Nothing outside the range is to be copied. From the entries below, reproduce exactly the lines starting at the one with "Плед новогодний 'Ёлка'" and ending at the one with "Plato festoneado para", without pictures.

• _Items from a data source_
********************
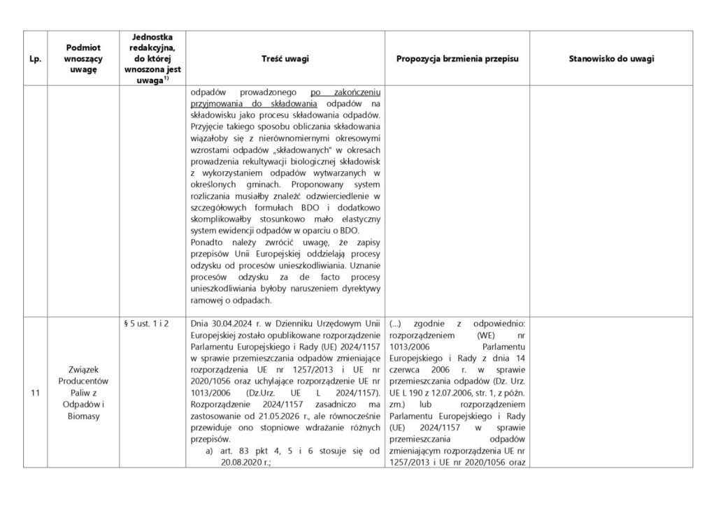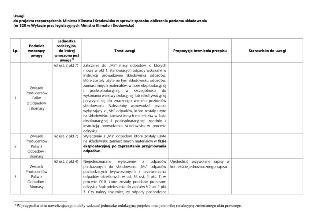 Ministerstwo Klimatu i Środowiska opublikowało projekt rozporządzenia w sprawie sposobu obliczania poziomu składowania (nr 820 w Wykazie prac legislacyjnych). ZPPOB wysłało swoje uwagi do ww. projektu. Całkiem sporo spostrzeżeń zebraliśmy wśród naszych członków. Dziękujemy za współpracę!
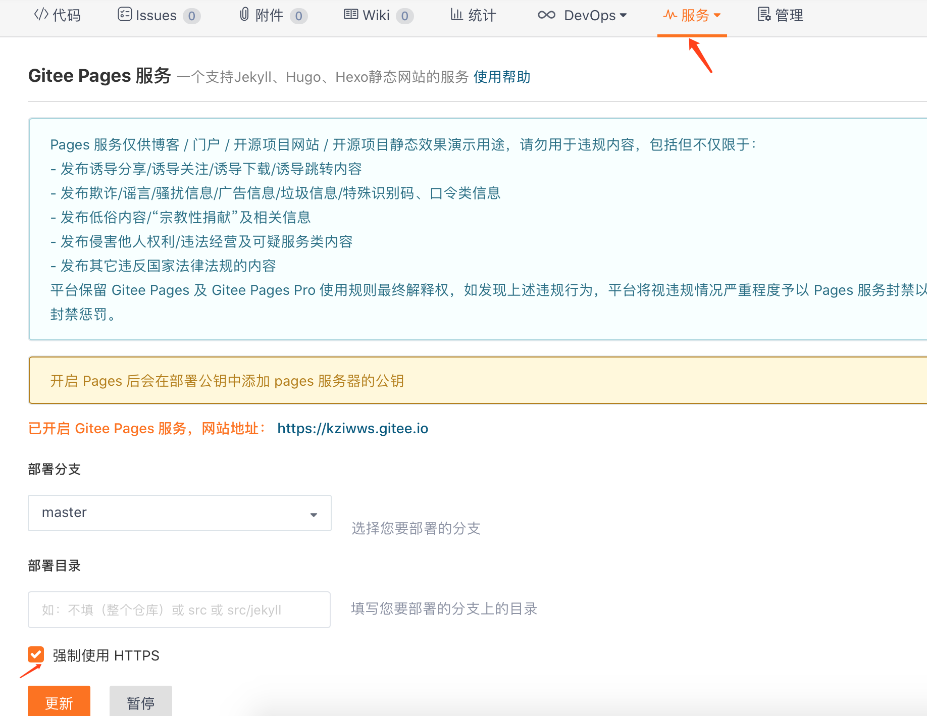 开启码云的pages功能
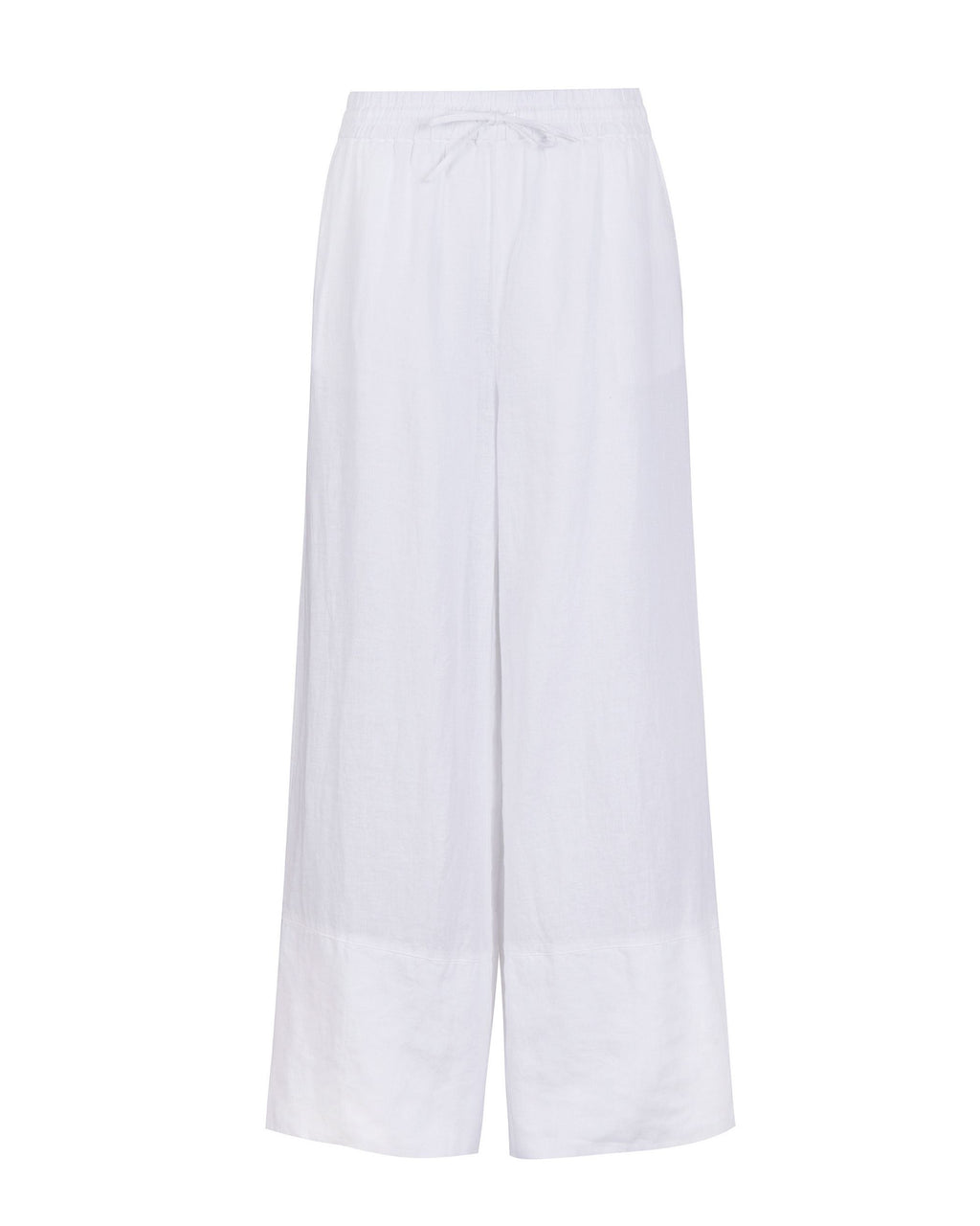 Lou wide pants er laget i 100% myk lin og kombinerer komfort med et elegant uttrykk. Buksen har strikk i livet, rette ben med vidde, og lommer både foran og bak. En tidløs modell som kan styles med skjorter og t-skjorter i lin for et komplett sommerantrekk. Normal i størrelsen.
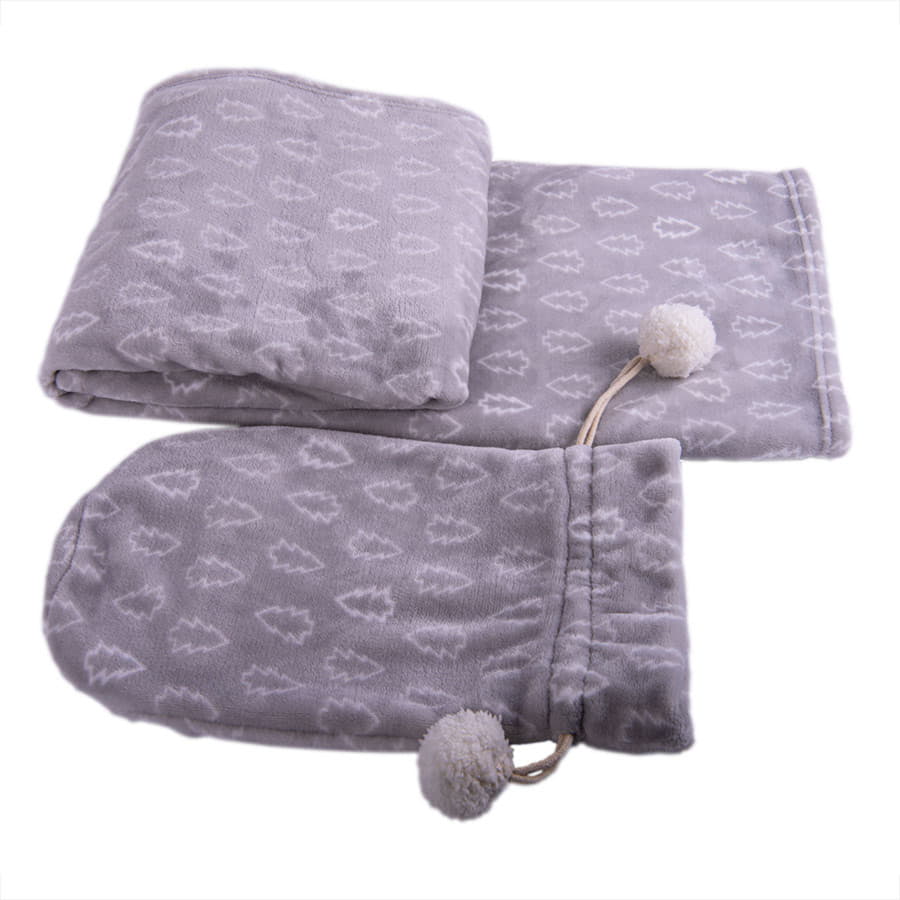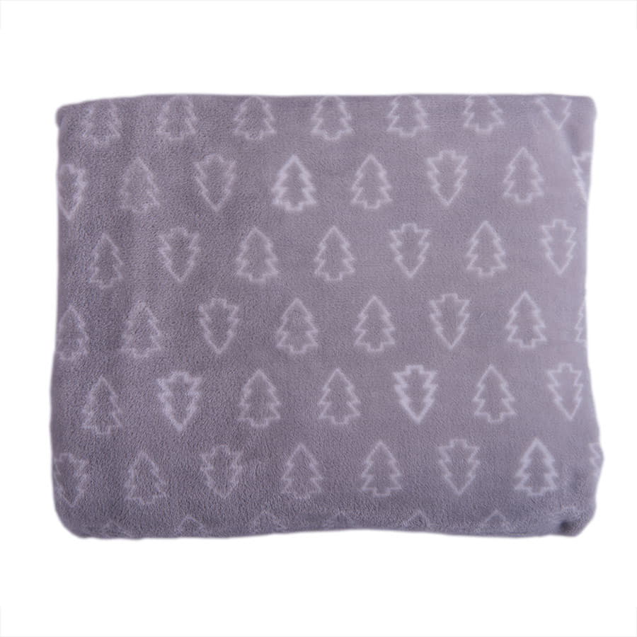 Плед новогодний 'Ёлка' в подарочном мешке; серый; 130х150 см; фланель 280 гр/м2, серый, белый
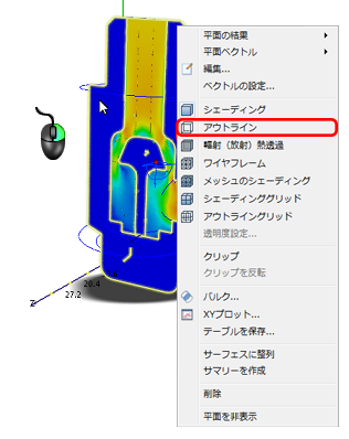 3. ベクトルを見やすくするには、平面を右クリックし、[アウトライン]を選択します。
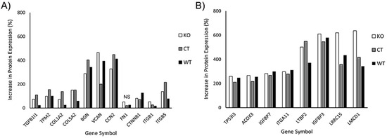 As shown above, Vim KO cells expressed αSMA protein when cultured with TGFβ, albeit at lower levels than controls. Next, we wanted to investigate whether Vim KO cells express other proteins associated with myofibroblast transformation of wild-type cells. To answer this question, we conducted proteomics analysis of Vim KO, control, and wild-type cells following culture in TGFβ. TGFβ is a growth factor known to induce myofibroblast transformation in vivo and is produced by macrophages, epithelial cells, and fibroblasts in many organs and tissues [33]. TGFβ is also known to promote expression of extracellular matrix (ECM) proteins such as collagen 1 and V, fibronectin, and the proteoglycans biglycan and versican, all of which are involved in wound repair and remodeling [33,34,35]. In addition, TGFβ is known to upregulate tropomyosins, proteins which are responsible for incorporating αSMA into stress fibers [36]. TGFβ also increases the induction of connective tissue growth factor, a potent stimulator of myofibroblast differentiation and ECM production [37].
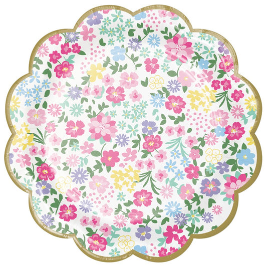 Plato festoneado para fiesta de té con flores, 7 pulgadas, flores variadas, 8 unidades
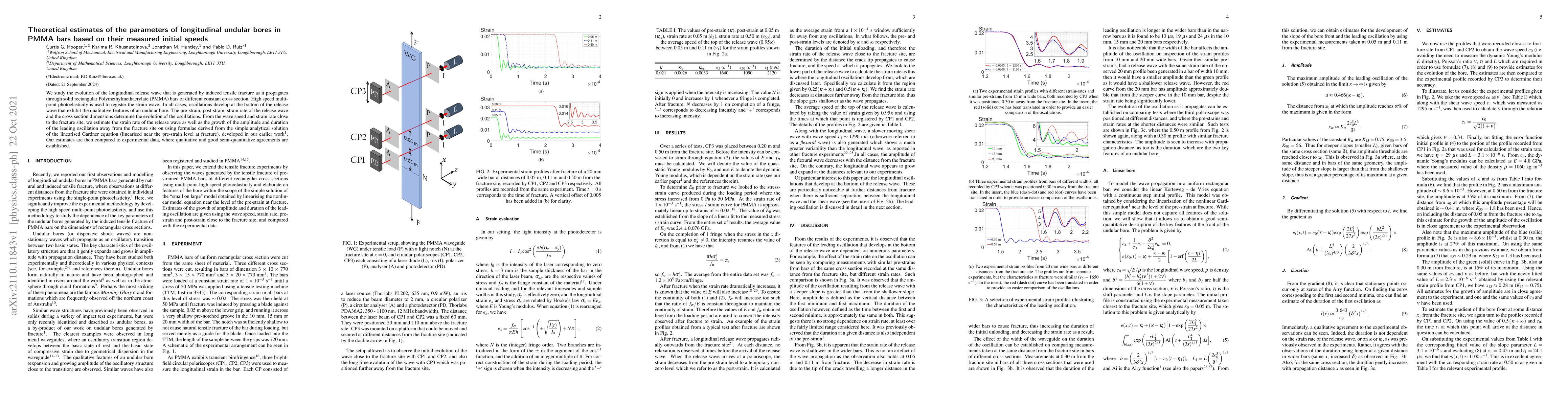 We study the evolution of the longitudinal release wave that is generated by induced tensile fracture as it propagates through solid rectangular Polymethylmethacrylate (PMMA) bars of different constant cross section. High speed multi-point photoelasticity is used to register the strain wave. In all cases, oscillations develop at the bottom of the release wave that exhibit the qualitative features of an undular bore. The pre-strain, post-strain, strain rate of the release wave and the cross section dimensions determine the evolution of the oscillations. From the wave speed and strain rate close to the fracture site, we estimate the strain rate of the release wave as well as the growth of the amplitude and duration of the leading oscillation away from the fracture site on using formulae derived from the simple analytical solution [1] of the linearised Gardner equation (linearised near the pre-strain level at fracture), developed in our earlier work . Our estimates are then compared to experimental data, where qualitative and good semi-quantitative agreements are established.
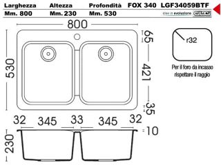 LGF34059BTP - Lavello Elleci fox 340 LGF34059BTP 80X53 2 Vasche incasso cucina Granitek 59 Antracite
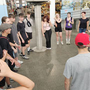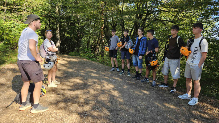 Anschließend ging es hoch auf fünf Meter. Klingt harmlos, sah aber von oben schon deutlich höher aus. Hier der wichtige Hinweis: ordentlich vom Felsen abdrücken. Ein Tipp, den wirklich alle beherzigten. Manche kapitulierten dann doch vor dieser Höhe, andere wollten gleich Saltos probieren – was die Lerncoaches energisch verboten.
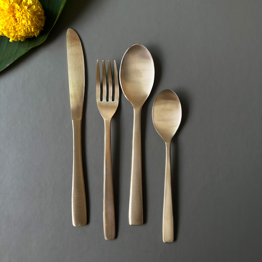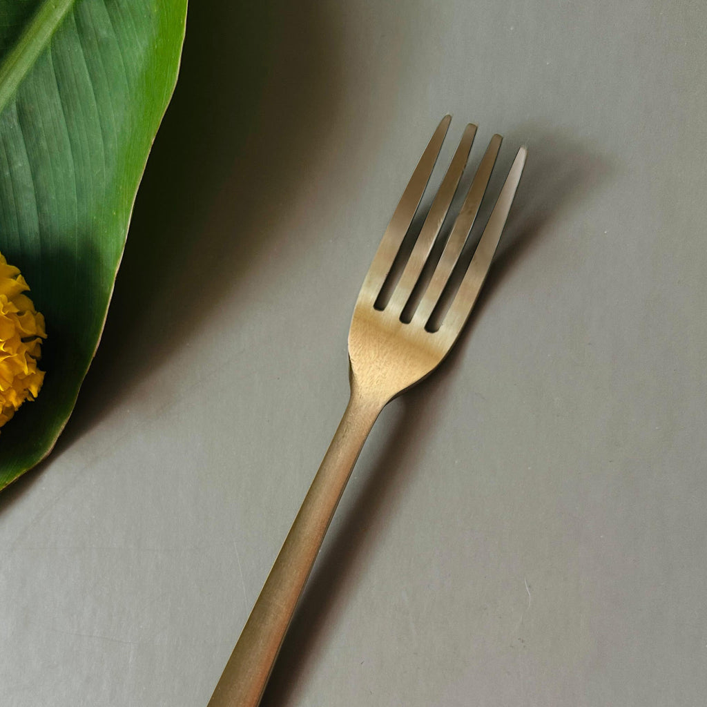 Our Kansa Collection is a fusion of tradition and innovation. Fork has been crafted by skilled tribal artisans. Kansa is an alloy of 78% Copper and 22% tin and is celebrated for its remarkable attributes. Beyond its health benefits, Kansa's natural heat conductivity keeps food warm and flavours intact. Cherished since ancient times for its gut-friendly properties, Kansa has also found its place in Indian temples.
********************
• _Answer section_
 Плед новогодний 'Ёлка' в подарочном мешке; серый; 130х150 см; фланель 280 гр/м2, серый, белый
 3. ベクトルを見やすくするには、平面を右クリックし、[アウトライン]を選択します。
 As shown above, Vim KO cells expressed αSMA protein when cultured with TGFβ, albeit at lower levels than controls. Next, we wanted to investigate whether Vim KO cells express other proteins associated with myofibroblast transformation of wild-type cells. To answer this question, we conducted proteomics analysis of Vim KO, control, and wild-type cells following culture in TGFβ. TGFβ is a growth factor known to induce myofibroblast transformation in vivo and is produced by macrophages, epithelial cells, and fibroblasts in many organs and tissues [33]. TGFβ is also known to promote expression of extracellular matrix (ECM) proteins such as collagen 1 and V, fibronectin, and the proteoglycans biglycan and versican, all of which are involved in wound repair and remodeling [33,34,35]. In addition, TGFβ is known to upregulate tropomyosins, proteins which are responsible for incorporating αSMA into stress fibers [36]. TGFβ also increases the induction of connective tissue growth factor, a potent stimulator of myofibroblast differentiation and ECM production [37].
 Plato festoneado para fiesta de té con flores, 7 pulgadas, flores variadas, 8 unidades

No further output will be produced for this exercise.